SOURCE MATERIAL
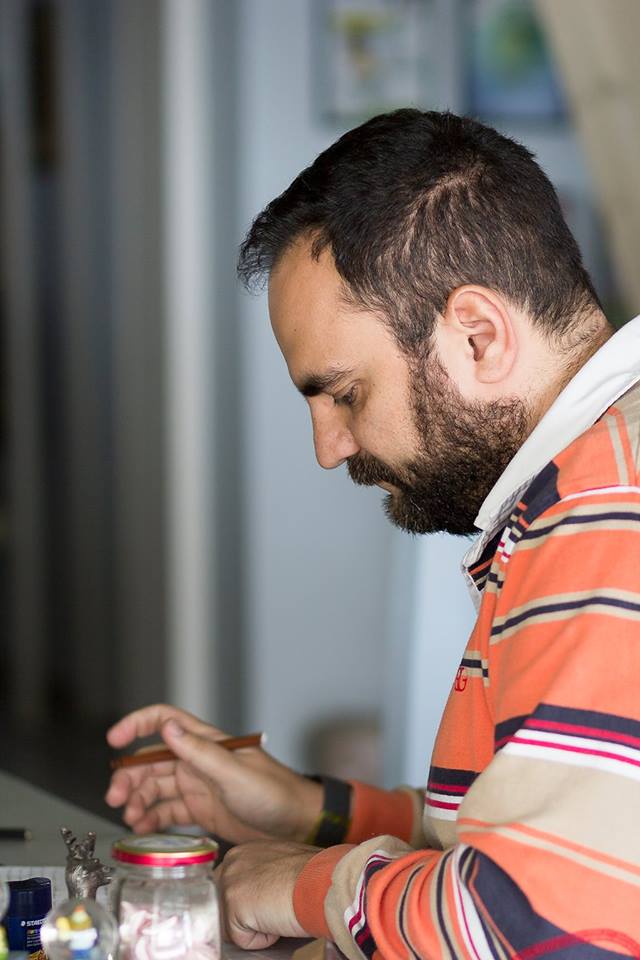 και με φροντίδα διορθώνει με τα χέρια του την κάθε λεπτομέρεια ,
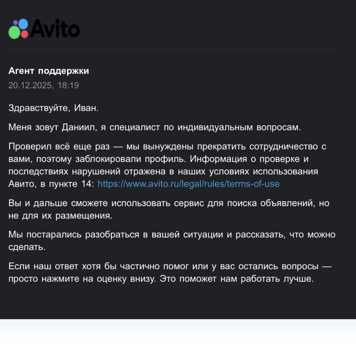 Недавно зарегистрировался на торговой площадке под названием Авито. Не прошло и 5 минут как меня кикнуло с аккаунта. Надо было предоставить документы, я выбрал регистрацию по паспорту, прошел проверку но у приложения были другие планы. Оно посчитало что я уже регестрировался по этому паспорту хотя это не так.) решаю я значит регнуться во водительским правам. Упс)) мне прилетает бан.
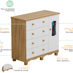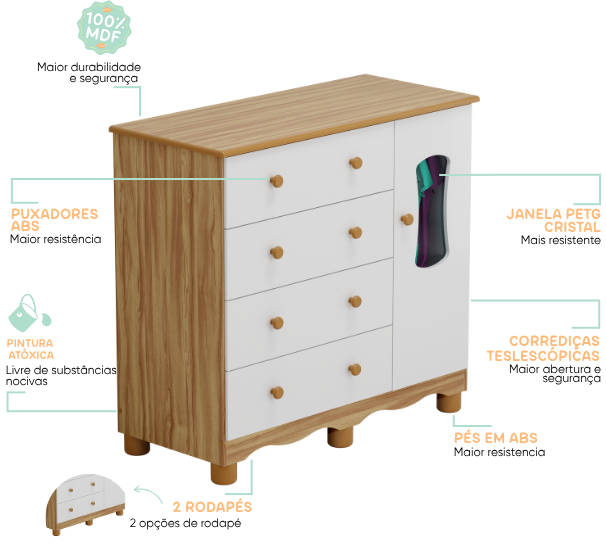 Também é um material sustentável, produzido a partir de madeira reflorestada, contribuindo para a preservação do meio ambiente. Ou seja, nosso móveis oferecem segurança para o bebê, praticidade para os pais e um visual encantador para o quarto. Uma escolha inteligente, bonita e responsável.

WHAT YOU HAVE TO DO
Retype the whole listing word for word. Skip the pictures.

SOLUTION TO THIS PROBLEM
 και με φροντίδα διορθώνει με τα χέρια του την κάθε λεπτομέρεια ,
 Недавно зарегистрировался на торговой площадке под названием Авито. Не прошло и 5 минут как меня кикнуло с аккаунта. Надо было предоставить документы, я выбрал регистрацию по паспорту, прошел проверку но у приложения были другие планы. Оно посчитало что я уже регестрировался по этому паспорту хотя это не так.) решаю я значит регнуться во водительским правам. Упс)) мне прилетает бан.
 Também é um material sustentável, produzido a partir de madeira reflorestada, contribuindo para a preservação do meio ambiente. Ou seja, nosso móveis oferecem segurança para o bebê, praticidade para os pais e um visual encantador para o quarto. Uma escolha inteligente, bonita e responsável.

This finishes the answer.